My wife sent me the following email this morning. As a stepfather of an intellectually disabled child, this is something I feel passionately about. It’s one thing for Hollywood to make fun of celebrities, athletes, millionaires, and Republicans. Those people can take care of themselves. But to release a movie with a major theme of poking fun at some of the most vulnerable people — those with mental disabilities — is, in my opinion, reprehensible. Please join me in boycotting Tropic Thunder, and please let your friends know.
We share concern about the images the film Tropic Thunder portrays about people with developmental disabilities. Mary will attend the screening of this movie tonight so that we form an opinion. I have also emailed yesterday the Atlanta representative for the film a request to discuss our concerns and to ask that more representatives of disabilities be allowed to view the film. I have had no response.

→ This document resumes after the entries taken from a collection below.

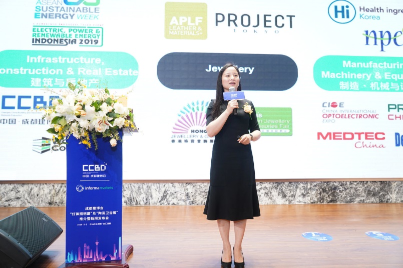 發(fā)布會(huì)首先由英富曼Informa Markets中國董事總經(jīng)理龔康康發(fā)表致辭,她指出,成都建博會(huì)與英富曼集團(tuán)牽手已經(jīng)三年了,無論是從展會(huì)的規(guī)模還是影響力上都獲得很大的提升。這次我們與中國建筑材料流通協(xié)會(huì)共同打造“燈飾照明”和“陶瓷衛(wèi)浴”兩個(gè)全新的板塊,相信一定能讓成都建博會(huì)如虎添翼,不僅保持在中西部首屈一指的地位,也將成為在全國極具影響力的重點(diǎn)品牌展會(huì)。
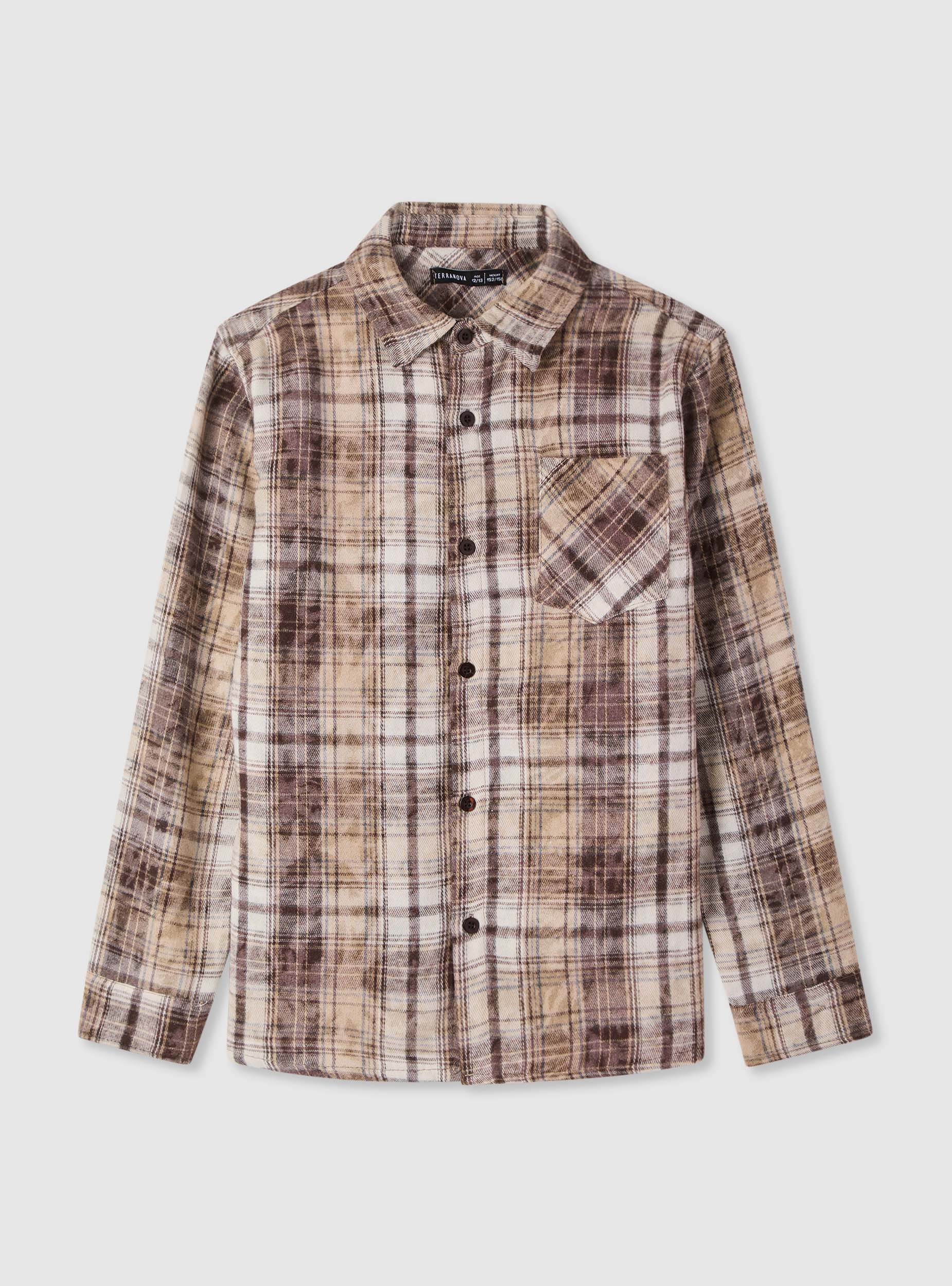Children's checkered shirt with long sleeves and a classic collar. Front button closure and a chest patch pocket, with a large printed number and lettering on the back adding an urban touch. Regular fit, easy to layer over t-shirts and light sweatshirts, perfect for school and leisure. Ideal with jeans or cargo trousers for versatile, casual outfits.Details
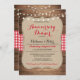 Cambie el texto para que se ajuste a su Fiesta de aniversario. Esta rústica invitación a la madera y al taco rojo es la combinación perfecta para un ambiente romántico y elegante. Impresión trasera incluida
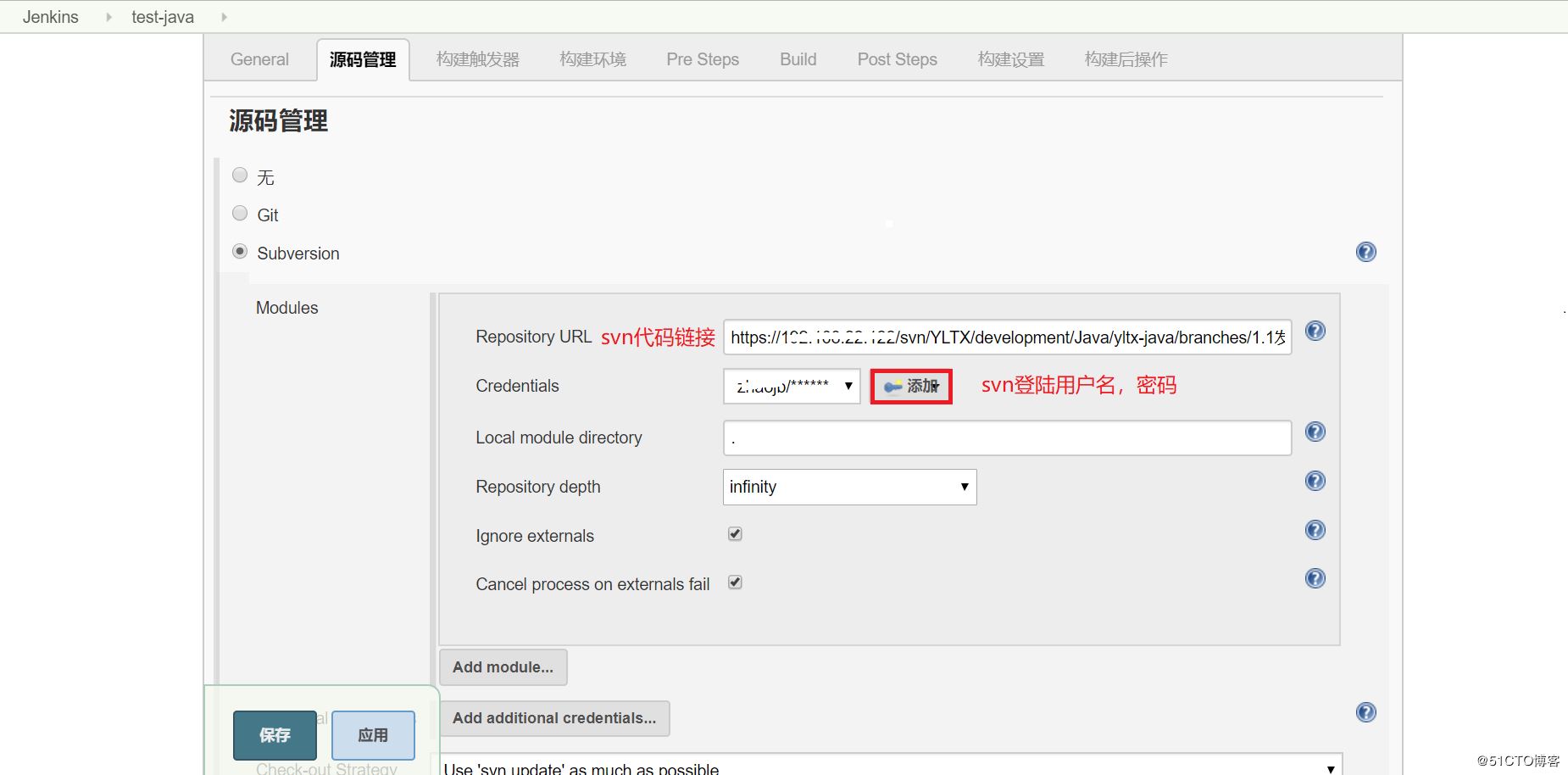 (3)填写源码管理,svn拉取代码地址,用户登录名
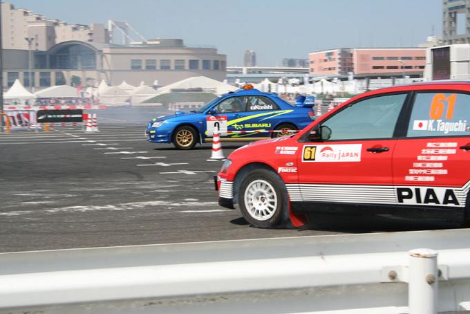 先日のモータースポーツジャパンイベントではラリーカーのデモランということで私がインプレッサのGpN(RJのゼロカー)、三菱はカツ(田口勝彦)がEVO9でデモラン。一日目は一台ずつ走行。でも2人とも共通してちょっと大変だったことがあります・・。それはラリーカーが安全のためにだいぶパワーダウンされていたこと。この後もイベント等で使われることを思えば仕方がない措置とはいえますが、何が大変って・・とにかくドーナツがパワー不足でやりにくい。ラリータイヤのグリップにでさえ時に負けてしまってます・そしてコーナリングも・・派手にドリフトさせてもトラクションがないからどんどん外側に膨らんでいってしまうし、角度がありすぎると失速してしまうし。そんなんでニュートラルステアで進入しても・・こんどはアンダーステアから復帰できず・・。とにかく苦労するんです。
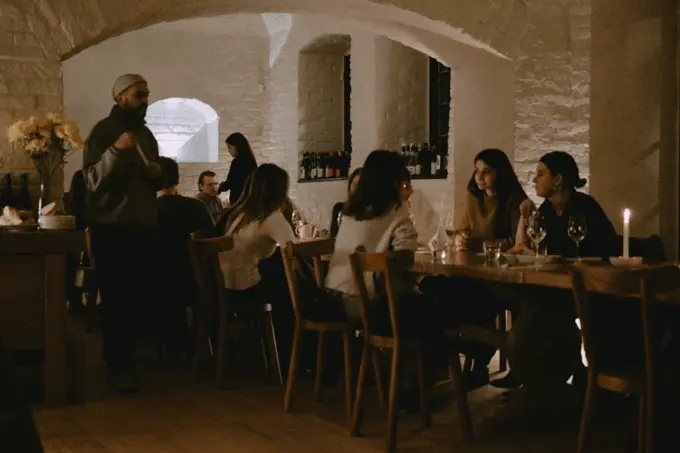 За общий стол на 32 места шеф Денис Парамонов подает французскую кухню все с той же атмосферой «в гостях у близких» — много хлеба с маслом и большие порции всего остального. Всего в меню 17 позиций.
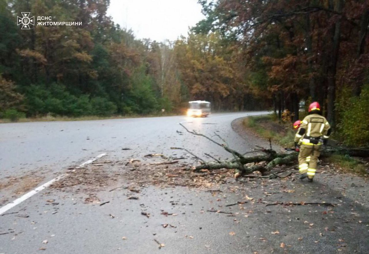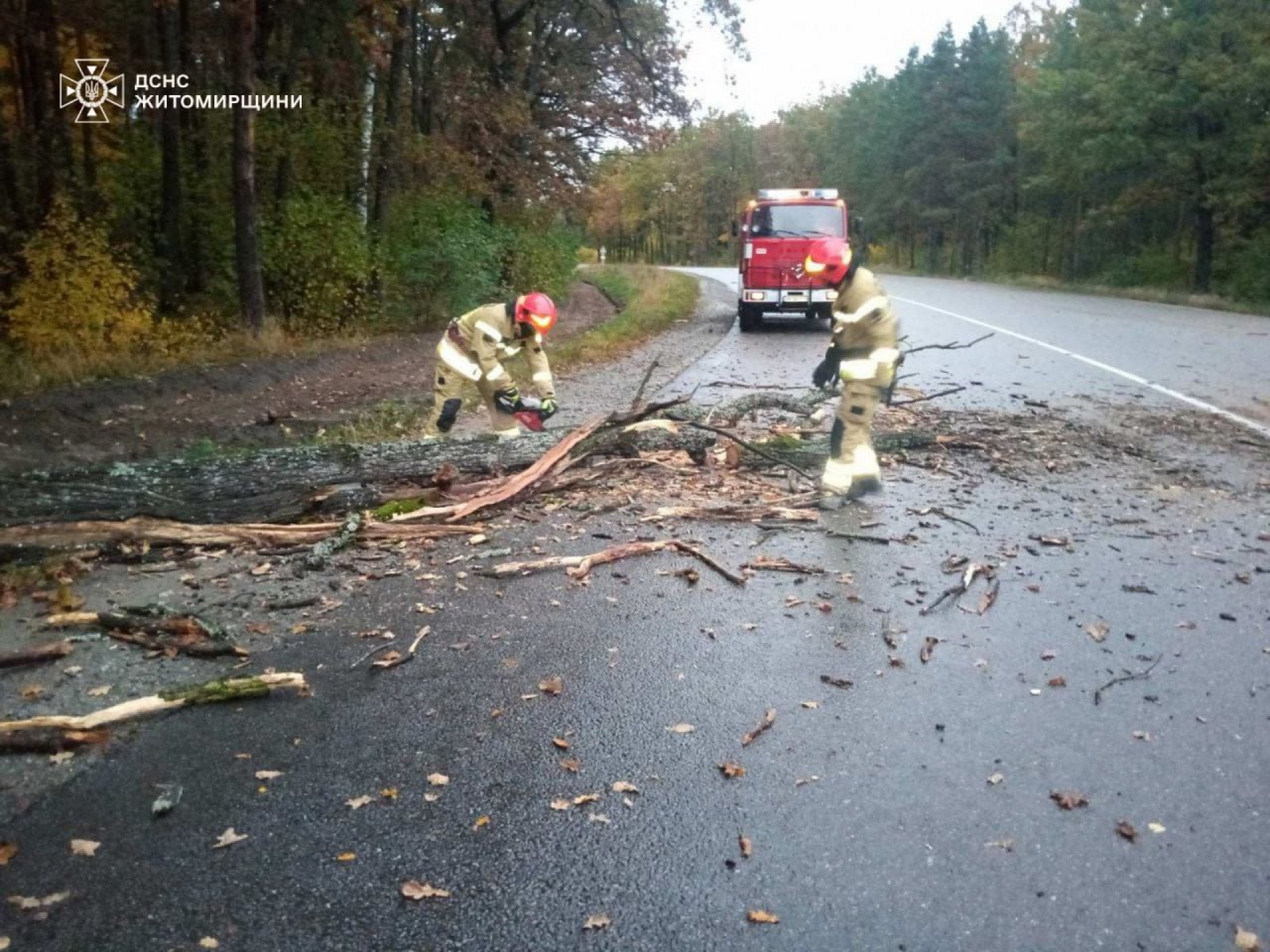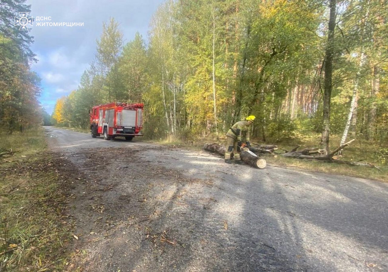 За допомогою бензопил рятувальники розрізали та прибрали на узбіччя три дерева.
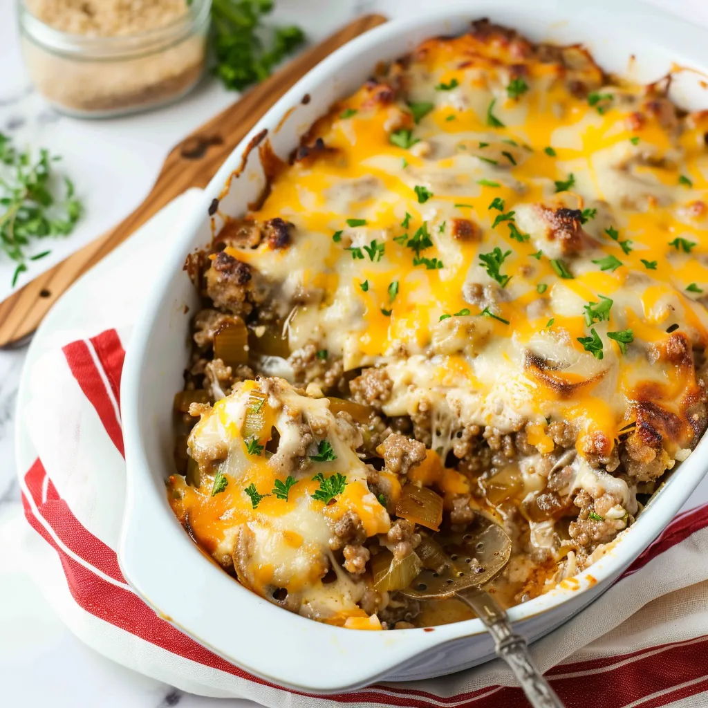 Savor this easy French Onion Ground Beef Casserole packed with rich flavors and comforting ingredients Perfect for weeknightstry it today

We have been asked to sign onto the attached statement reads:
Declare that under the guise of “parody,” whether intentional or not, Tropic Thunder demeans, insults, and harms individuals with intellectual disabilities by using the “R- word.” Furthermore, it perpetuates derogatory images and stereotypes of individuals with intellectual disabilities including mocking their physical appearance and speech, supports the continuation of inappropriate myths and misperceptions, and legitimizes painful discrimination, exclusion, and bullying;
TOGETHER, we declare our intention to make the public aware of the need to create and foster inclusion of individuals with intellectual disabilities as a matter of social justice by:
Boycotting the film and explaining to our nation’s children why the film is harmful;
Educating the public, especially young people, about intellectual disabilities through far-reaching awareness campaigns to ban the use of the “R-word,” and other initiatives to permanently change attitudes and promote inclusion;
Calling on Hollywood studios, writers and executives to pledge to make this the final chapter in a sullied history of demeaning portrayals of individuals with intellectual disabilities and assist in public education campaigns;
Requesting that Congress investigate and conduct oversight of how Hollywood portrays individuals with intellectual disabilities and the effect these portrayals have on our nation and around the world.
Director of Public Policy
Atlanta Alliance on Developmental Disabilities
1440 Dutch Valley Place
Atlanta, GA 30324
Also, here’s what Wikipedia has to say about this issue (as of 8-12-08):
Tropic Thunder has caused controversy in the disability advocacy community. A website for Simple Jack, a faux film exhibited within the film, was pulled on August 4, amid several groups’ concerns over its content. A spokesman for DreamWorks stated “We heard their concerns, and we understand that taken out of context, the site appeared to be insensitive to people with disabilities.” A coalition of more than 22 disability advocacy groups, including the Special Olympics and the Arc of the United States, object to the repeated use of “retard”, which disability advocates call “the R-word,” because of its considered “hate speech” connotations. DreamWorks initially spoke of screening the film with the groups to determine if the film still offended the groups. However, the screening was postponed to the same day of the premiere on August 11 instead of August 8. After some representatives for the groups saw the private screening, they planned to picket outside the film’s premiere.
Disability advocates and others who have previewed the film report that the offensive treatment of individuals with intellectual disabilities is woven throughout the film’s plot. Disability advocates are urging people not to see the film, claiming it is demeaning to individuals with intellectual disabilities, and they fear it will encourage bullying. A DreamWorks spokesman did not directly respond to the criticism, stating that the film “…is an R-rated comedy that satirizes Hollywood and its excesses, makes its point by featuring inappropriate and over-the top characters in ridiculous situations.” The film’s advertising has been altered, but none of the scenes in the film were edited as a result of the opposition.
“I see no humor in making fun of anyone with a mental or physical disability,” said Tim Daren, an advocate for the developmentally disabled. “This is a disgustingly low portrayal of citizens who go through stares, laughing and taunting on a daily basis. DreamWorks and Mr. Stiller are choosing to hide behind their taunting under the auspices of ‘comedic’ creativity, when they are clearly stooping down to the schoolyard bully mentality, and finding humor in mocking someone who cannot fight back. As a society, I keep hoping that we have at least moved forward and educated ourselves to have a modicum of compassion for those who are less fortunate than ourselves. However, it is clear that Mr. Stiller’s writing team and the executives at DreamWorks have never had to defend a sibling, cousin or relative from verbal threats, taunting and name-calling. With this film, they are in fact those who are delivering those insults while asking the general public to pay and laugh with them. The public should refuse to stoop so low.”